The trump card in recent years has been the expense. Tickets are now $375 (if you can get one), and that doesn't include transportation, coconut water or the Innovative Leisure-branded sweatshirt you buy when you remember it gets cold at night.

But Coachella is  still worth it. Here's why.  

See also: Why Coachella Is No Longer Worth It

Shield your eyes!; Credit: Star Foreman

Shield your eyes!; Credit: Star Foreman

First, there's the lineup, which this year, like every year, is really, really good. The problem is that internet whiners focus on the negative. Boo hoo, you don't like Lana Del Rey. So don't see her. That attitude is kind of like going to see a show at the Echoplex and crying about the band playing upstairs at the Echo. Coachella has five six stages, six seven if you count the Do Lab, and more than 150 acts scheduled. I'm not saying the lineup is perfect; it's not at all. But even if you dislike, say, 80 percent of it, you can still find 30 acts on the bill that you want to see. (If you need more than 30 good bands at a festival, you need to lay off the greenies.)
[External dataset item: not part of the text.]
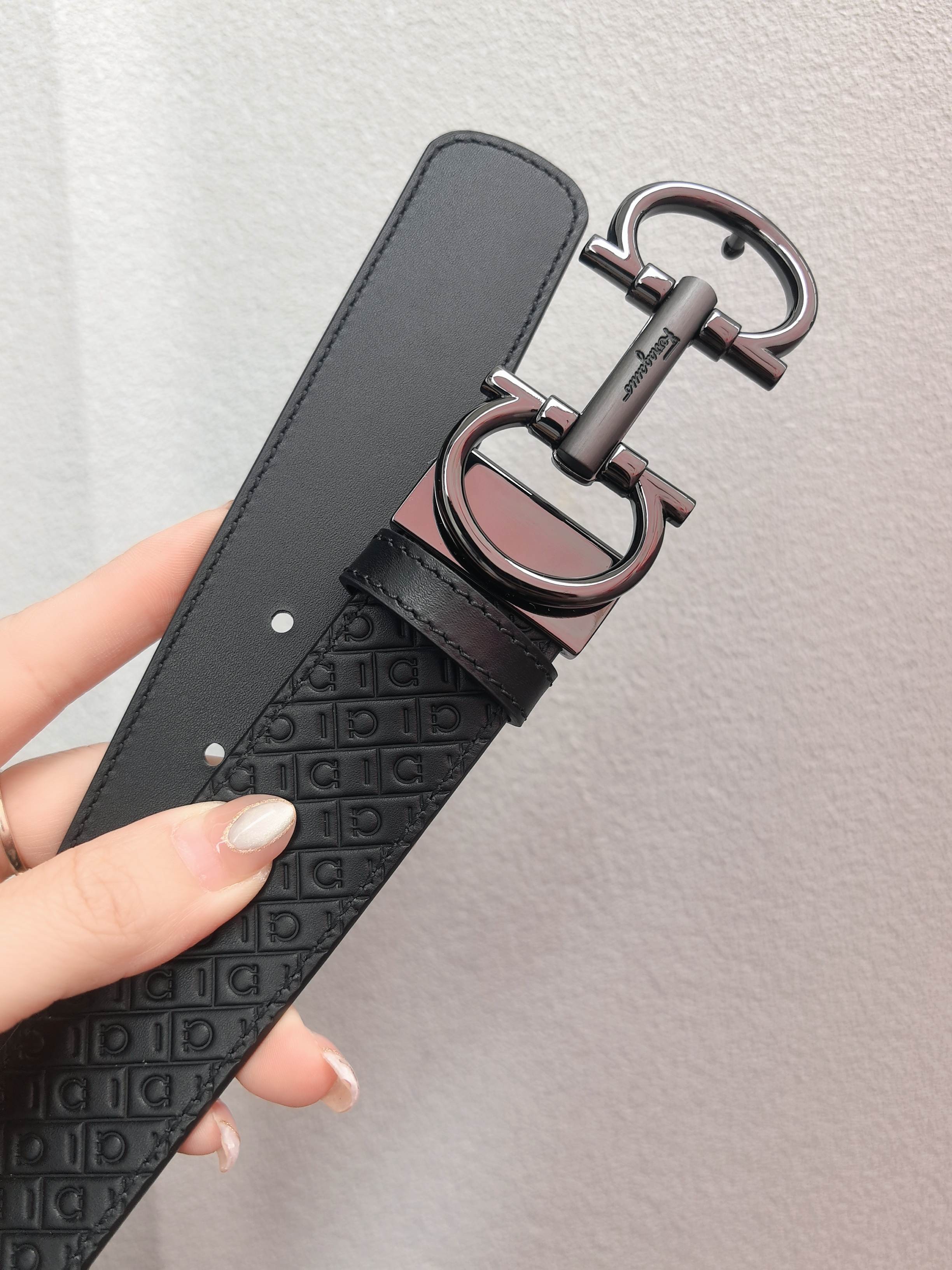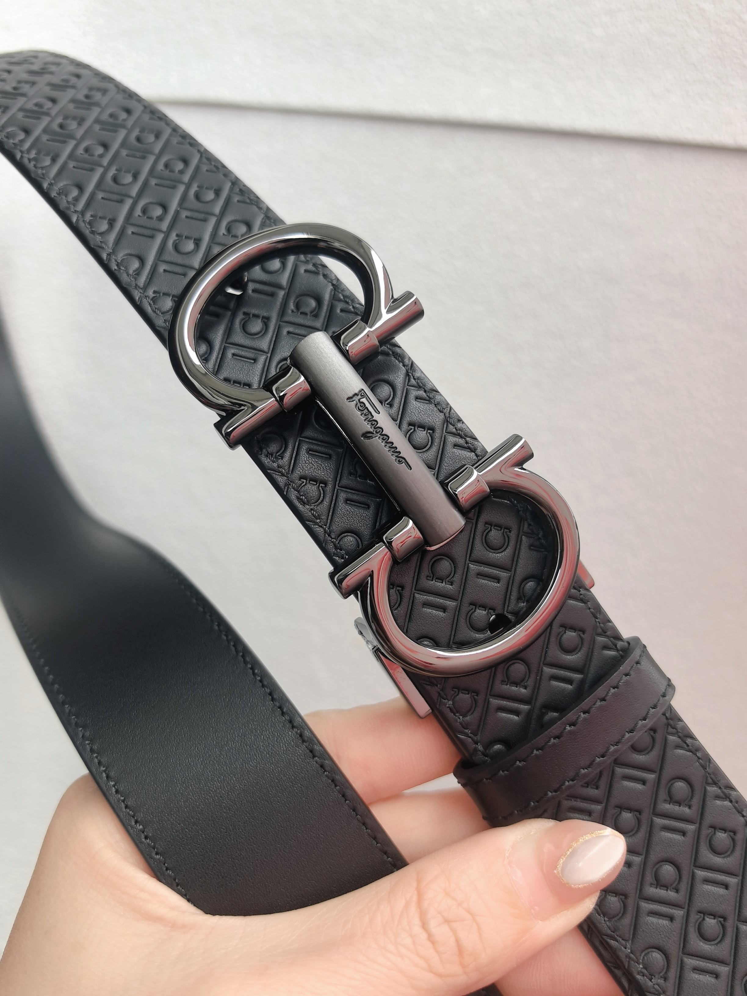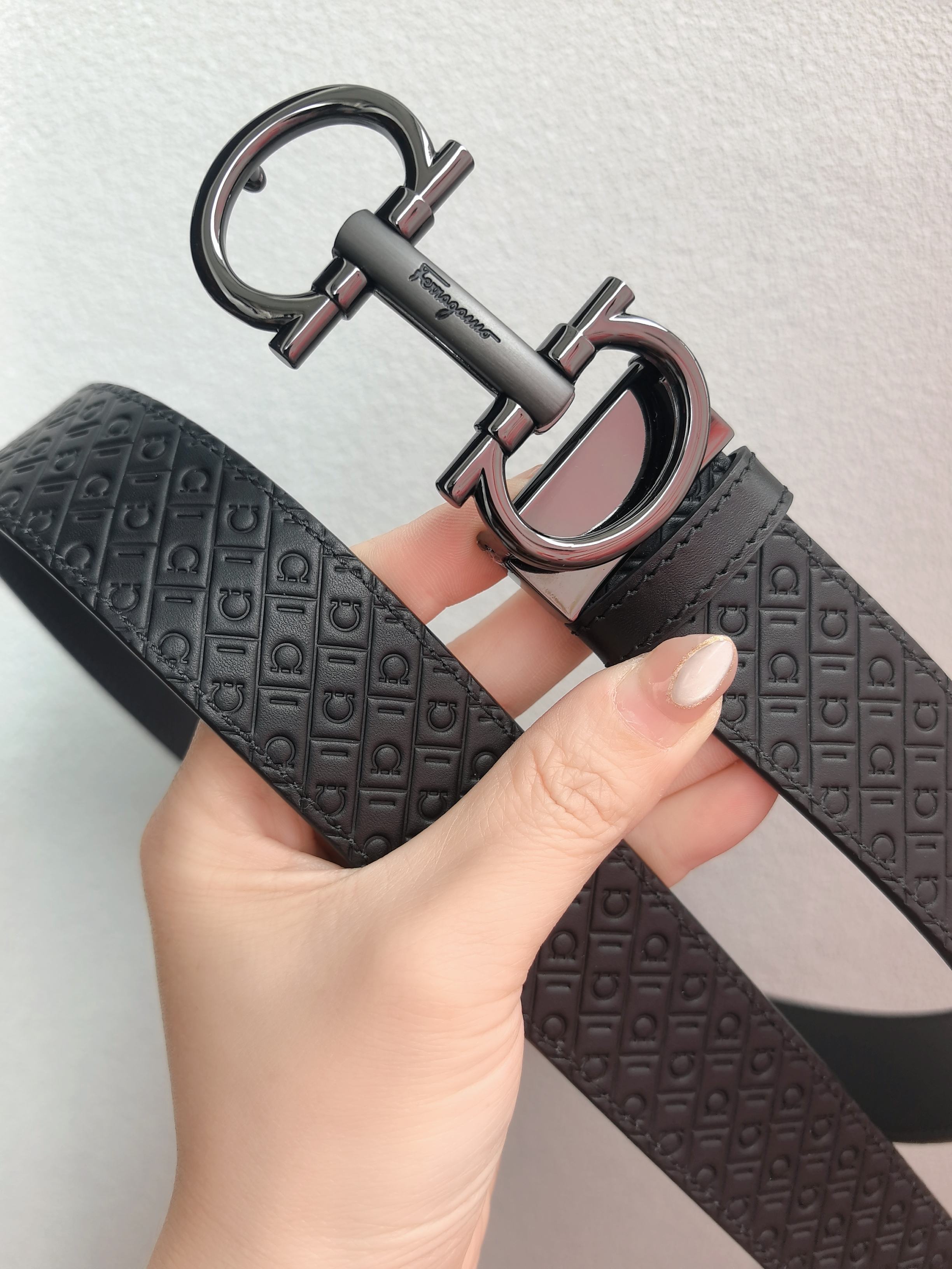 This belt has an elegant style, featuring a rectangular buckle adorned with a small Gancini. It is designed with two sides: one side is made of hammered texture material, while the other side is embossed with an all-over Gancini pattern, exuding a classic charm in a subtle way. The length is adjustable, achieving a tailored and slimming effect. 3.5 wide

But wait, what's that you say? You have super-obscure taste, are always craving something new, and are easily offended by sell-out artists who so much as sip a free Red Bull backstage? Good for you. Have you ever heard of the Internet? Because that's an easier way to find out about new music than driving 120 miles east through windstorms that may topple your car. (Or, once you arrive, your tent.)
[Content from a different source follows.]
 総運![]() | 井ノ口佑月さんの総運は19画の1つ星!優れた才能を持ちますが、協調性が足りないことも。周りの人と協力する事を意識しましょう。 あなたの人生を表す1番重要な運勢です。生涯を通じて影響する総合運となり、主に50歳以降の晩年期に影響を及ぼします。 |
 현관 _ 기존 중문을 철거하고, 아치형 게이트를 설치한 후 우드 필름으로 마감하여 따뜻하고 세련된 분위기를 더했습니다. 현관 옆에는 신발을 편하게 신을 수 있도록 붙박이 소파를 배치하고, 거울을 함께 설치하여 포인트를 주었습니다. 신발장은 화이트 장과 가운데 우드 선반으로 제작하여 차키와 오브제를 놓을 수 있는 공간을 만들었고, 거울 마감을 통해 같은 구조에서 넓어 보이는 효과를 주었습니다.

Did you know some people go to festivals to hear bands they're familiar with performing songs they like? And when a bunch of said bands are all in the same place at the same time –  and when some of them are your absolute favorites, reunited especially for this occasion –  that tends to be a pretty cool experience. 
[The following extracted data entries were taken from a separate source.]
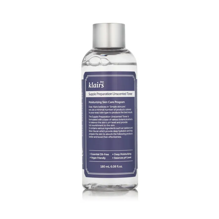 Facial Toner Klairs Supple Preparation Moisturizing Balancing is a premium skincare product that caters to the needs of those who prioritize their physical appearance and seek only the finest cosmetics for enhancing their natural beauty. This toner goes beyond ordinary skincare, offering a unique blend of high-quality ingredients that work synergistically to restore and maintain your skin's health. Infused with the goodness of natural extracts such as Centella asiatica and Glycyrrhiza glabra, this formula not only hydrates but also soothes and balances the skin's complexion, making it ideal for individuals with varied skin types.
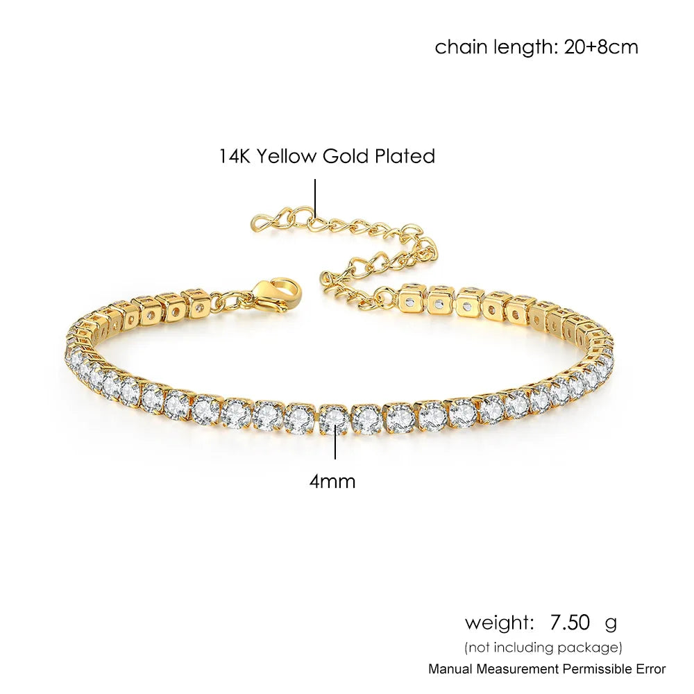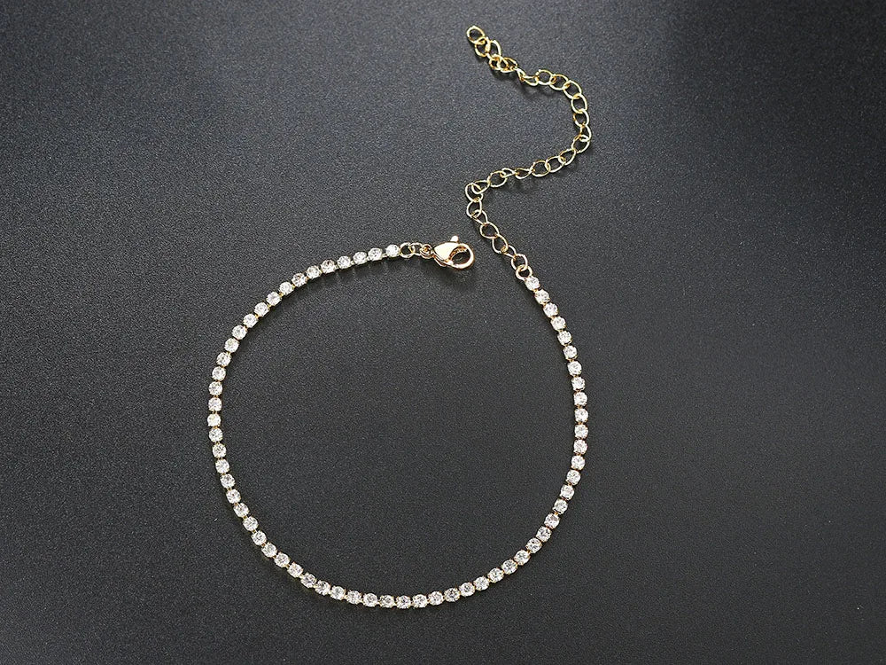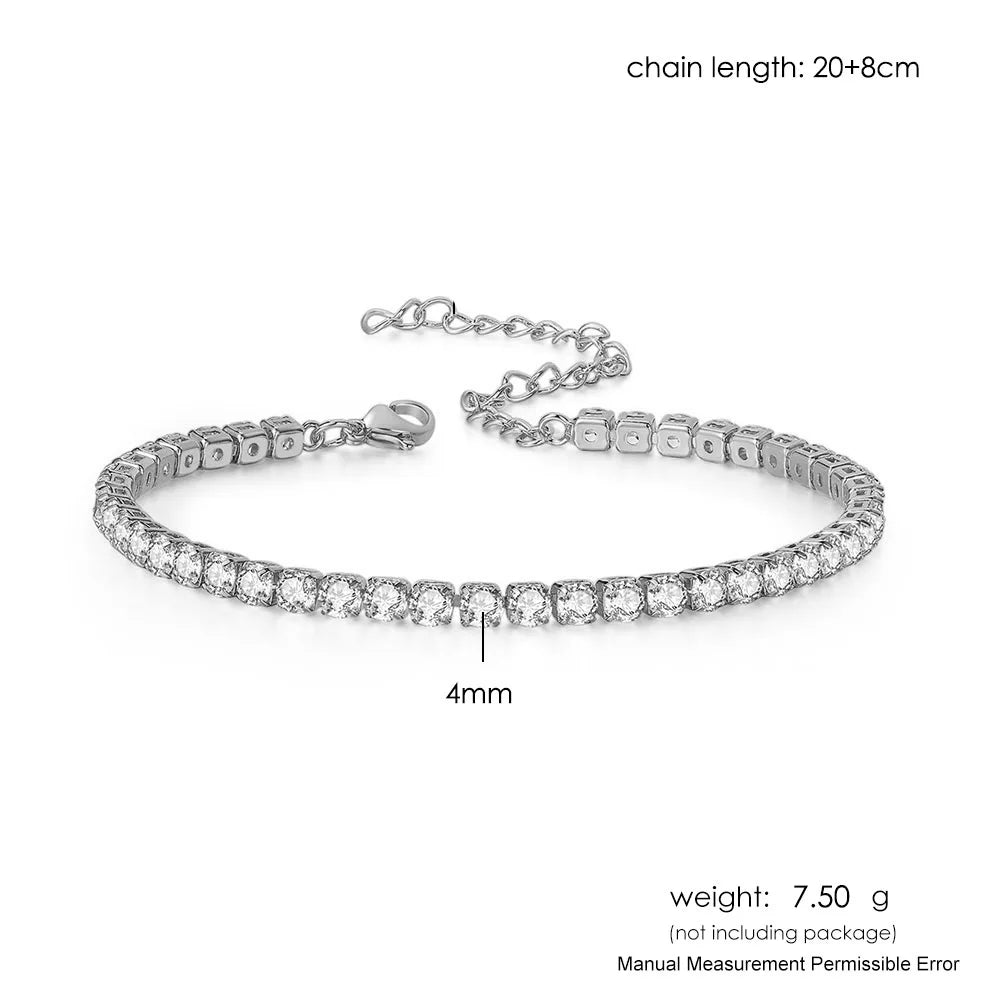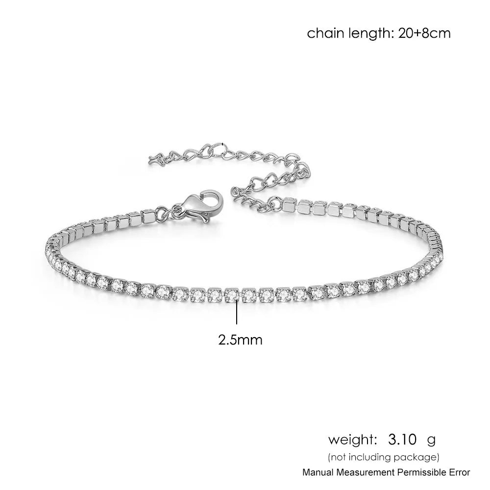 4mm Cubic Zirconia Tennis Bracelet Anklet Chain Silver Color Foot Jewelry 2024 Iced Out Trend Oha001
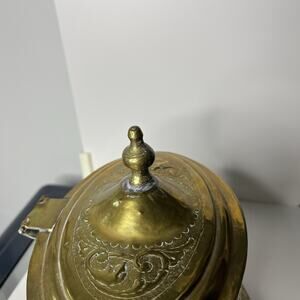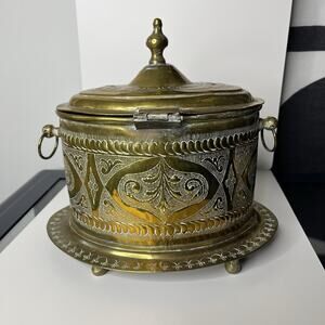 Antique Moroccan Hand Etched Hammered Footed Brass Tea Caddy Early 1900s

Yes, we know you don't like this music. So go see some of the other music; Credit: Timothy Norris

Yes, we know you don't like this music. So go see some of the other music; Credit: Timothy Norris

As for the cost, well, I'm lucky enough to get a press pass, but you know what? I'd buy a ticket even if I didn't. (Hint: wait until the last minute and buy weekend two passes on the secondary market.) You can say Coachella is only for rich kids, and you wouldn't be wrong, but it's cheaper than many other “destination” concerts, like those cruise ships, or, I don't know, Mexico.

As for the inconvenience; yes, it is a pain to drive out to the Coachella Valley, though if you don't go during rush hour it's not that bad. And though there can be long lines to get in and out, they've gotten better and are still are nothing near the horrors of Electric Daisy Carnival. And though camping is a bummer for anyone who's not 19, with the immune system of a goat, there are other reasonable lodging options. A shit ton of part-time retirees rent their houses, for starters, which becomes cost-efficient when you cram in enough people. (Just don't wait until April to lock one down.)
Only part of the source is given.